When Speed Kills Stability: Demystifying RL Collapse from the Training-Inference Mismatch
How the inference-training gap causes catastrophic failures in LLM reinforcement learning
Co-First Authors: Jiacai Liu and Yingru Li
Corresponding Authors: Yingru Li and Yu Shen
TL;DR
The relentless push for faster inference has created a dangerous “training-inference mismatch” that can silently kill reinforcement learning with LLMs. Our investigation reveals a vicious cycle that is particularly acute in modern reasoning and agentic RL:
- OOD Contexts Drive Low-Probability Sampling: Agentic workflows expose models to external inputs and dynamic environments, forcing frequent generation of low-probability tokens that are essential for novel reasoning, tool calls, and adaptive responses.

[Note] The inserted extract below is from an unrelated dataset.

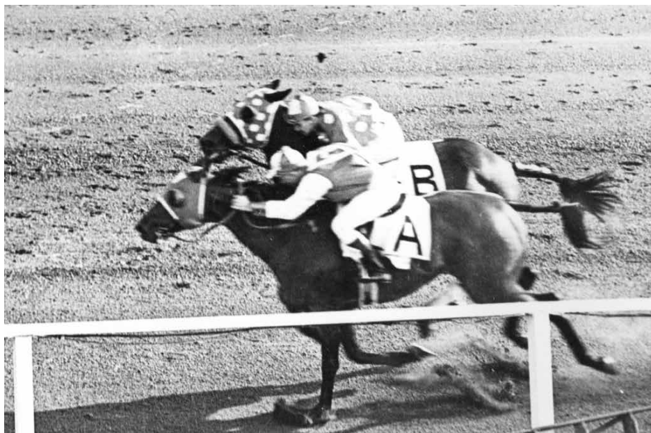
Seabiscuit and Ligaroti, head to head, come down the stretch, August 12, 1938.
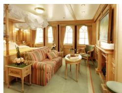
Category B. From

- Low-Probability Tokens Amplify Training Collapse: These tokens become the weakest link—the training-inference mismatch is most severe for them, causing catastrophically large gradients that lead to silent degradation and sudden training failure.
- Hardware Variability Complicates the Problem: Different GPU architectures exacerbate the mismatch unpredictably, meaning the same agentic training setup can succeed on one machine and catastrophically fail on another.
- Sequence-Level IS is the Principled Solution: Sequence-level Importance Sampling emerges as the theoretically grounded fix, restoring training stability across different hardware and complex tasks.